- Instructions for the task -
Begin at the line that holds "[root@zyl-server ~]# lsblk" and copy each line exactly until the data below ends, including that last line but no pictures.

- Collected material -
----------

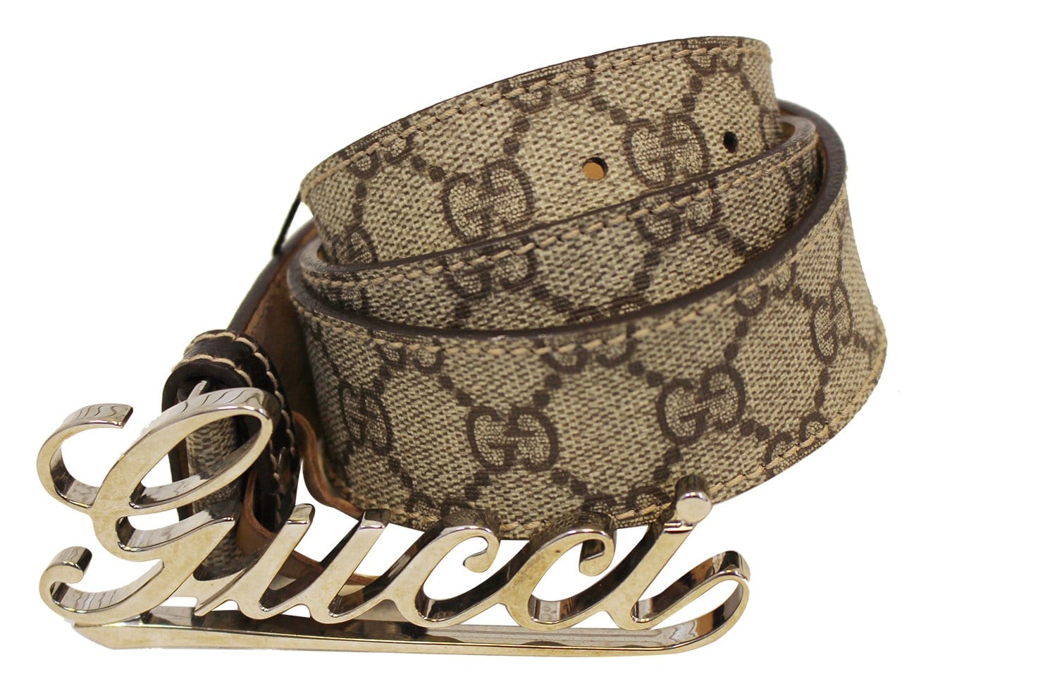 Gucci GG Canvas Beige Script Buckle Belt Size 85/34
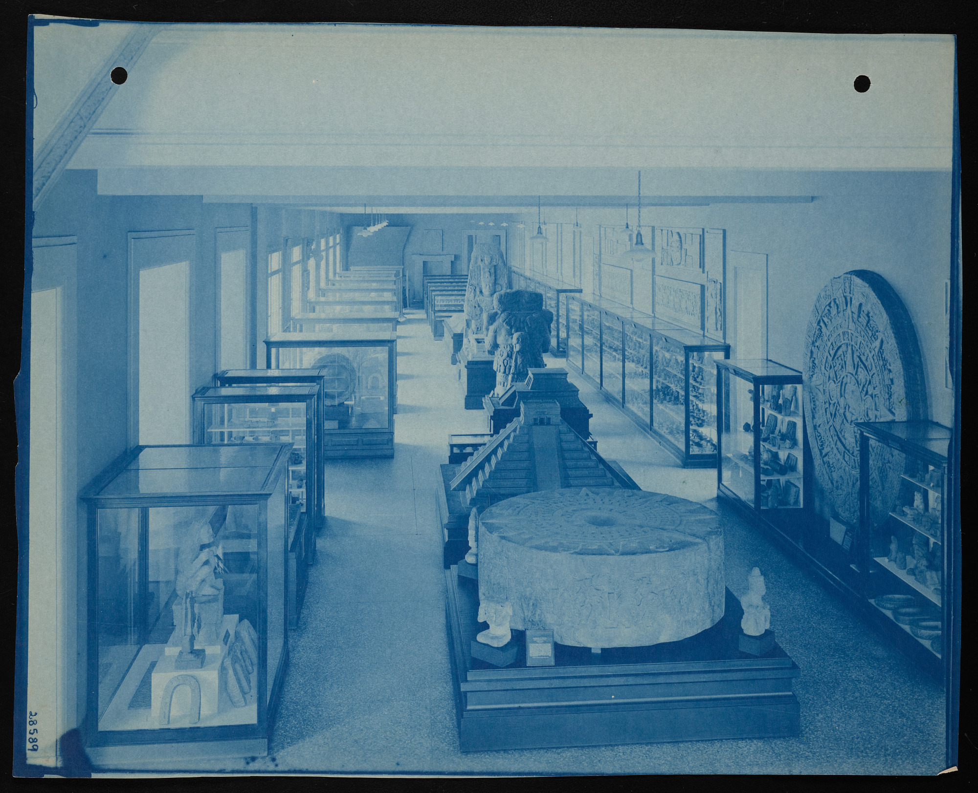 Interior view, United States National Museum archeology exhibits in the Natural History Building, now known as the National Museum of Natural History, featuring antiquities of Mexico, including a cast of the Aztec Calendar Stone.
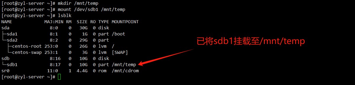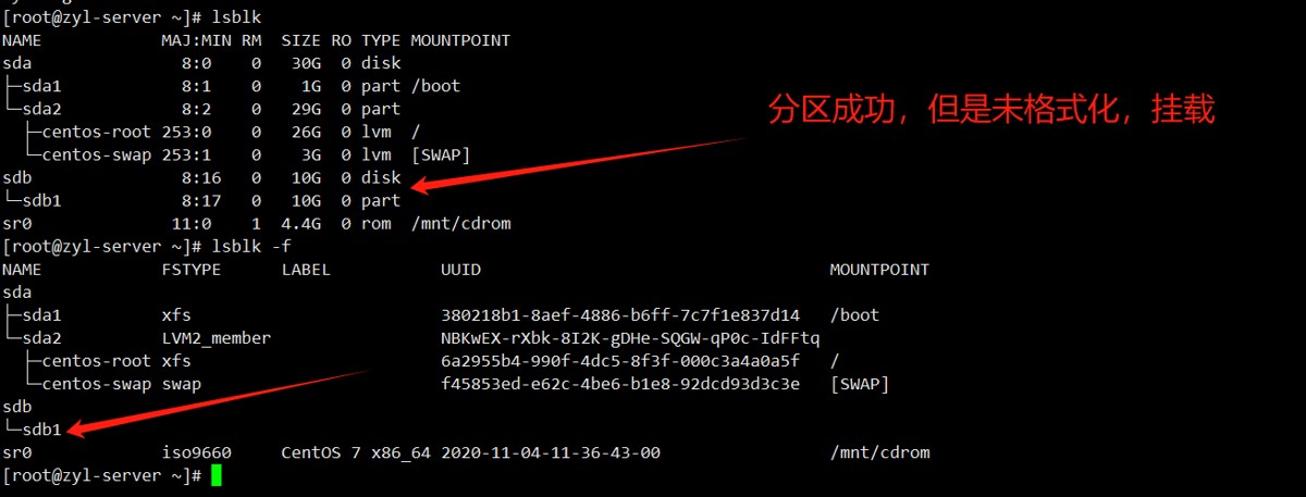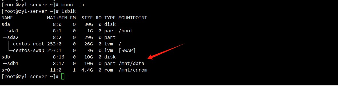 [root@zyl-server ~]# lsblk name maj:min rm size ro type mountpoint sda 8:0 0 30g 0 disk ├─sda1 8:1 0 1g 0 part /boot └─sda2 8:2 0 29g 0 part ├─centos-root 253:0 0 26g 0 lvm / └─centos-swap 253:1 0 3g 0 lvm [swap] sdb 8:16 0 10g 0 disk sr0 11:0 1 4.4g 0 rom /mnt/cdrom [root@zyl-server ~]#
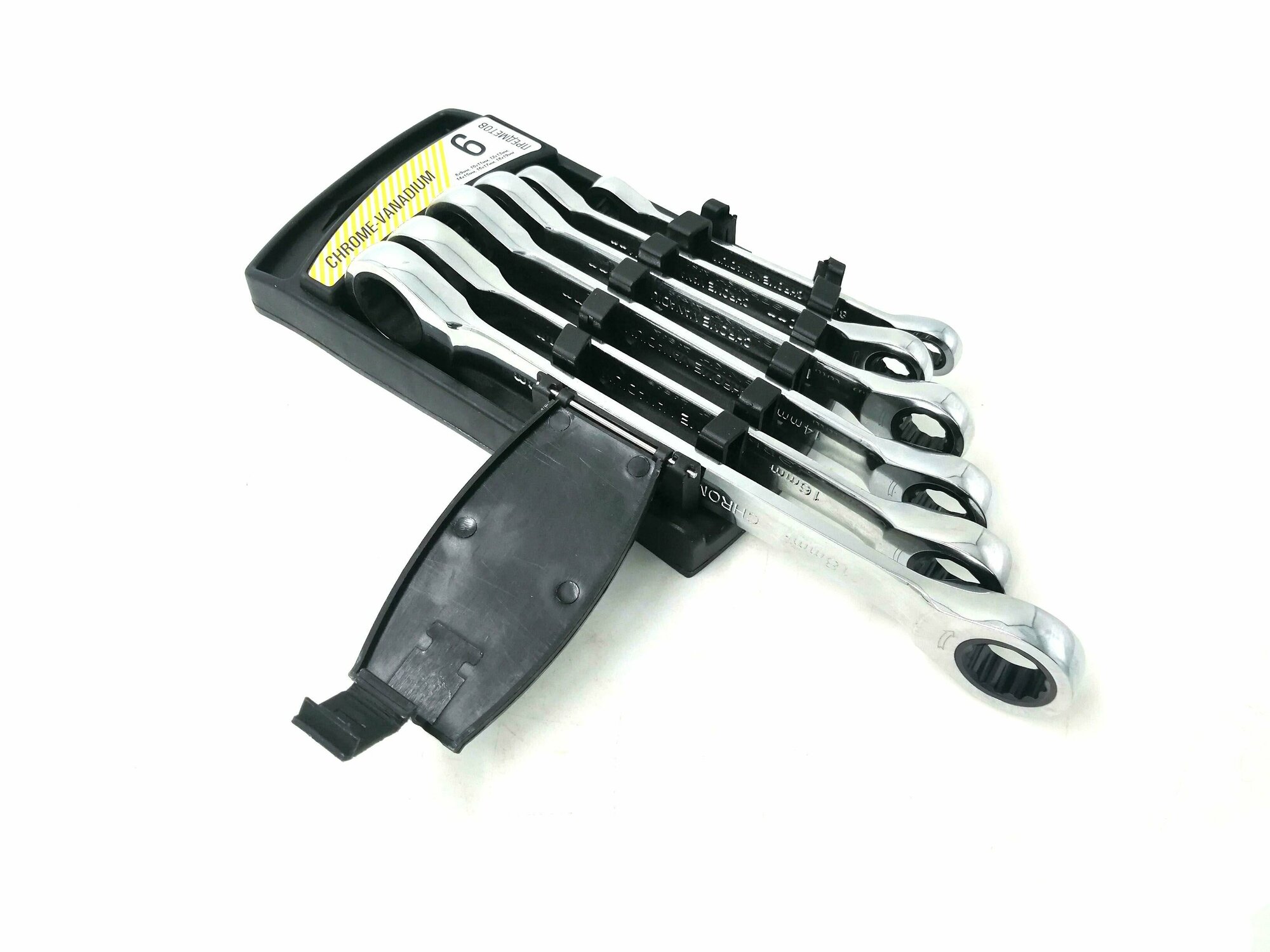 Набор ключей накидных Эврика , трещоточных, 6 предметов, 8x9, 10x11, 12x13, 14x15, 16x17, 18x19, на держателе - это комплект из 6 инструментов для работы с шестигранным крепежом. Ключи оснащены трещоточным механизмом, что упрощает монтаж и демонтаж крепежа, особенно в труднодоступных местах.Преимущества Трещоточный механизм Прочный материал Защитное покрытие Универсальность Удобная упаковка

----------

- Answer -
 [root@zyl-server ~]# lsblk name maj:min rm size ro type mountpoint sda 8:0 0 30g 0 disk ├─sda1 8:1 0 1g 0 part /boot └─sda2 8:2 0 29g 0 part ├─centos-root 253:0 0 26g 0 lvm / └─centos-swap 253:1 0 3g 0 lvm [swap] sdb 8:16 0 10g 0 disk sr0 11:0 1 4.4g 0 rom /mnt/cdrom [root@zyl-server ~]#
 Набор ключей накидных Эврика , трещоточных, 6 предметов, 8x9, 10x11, 12x13, 14x15, 16x17, 18x19, на держателе - это комплект из 6 инструментов для работы с шестигранным крепежом. Ключи оснащены трещоточным механизмом, что упрощает монтаж и демонтаж крепежа, особенно в труднодоступных местах.Преимущества Трещоточный механизм Прочный материал Защитное покрытие Универсальность Удобная упаковка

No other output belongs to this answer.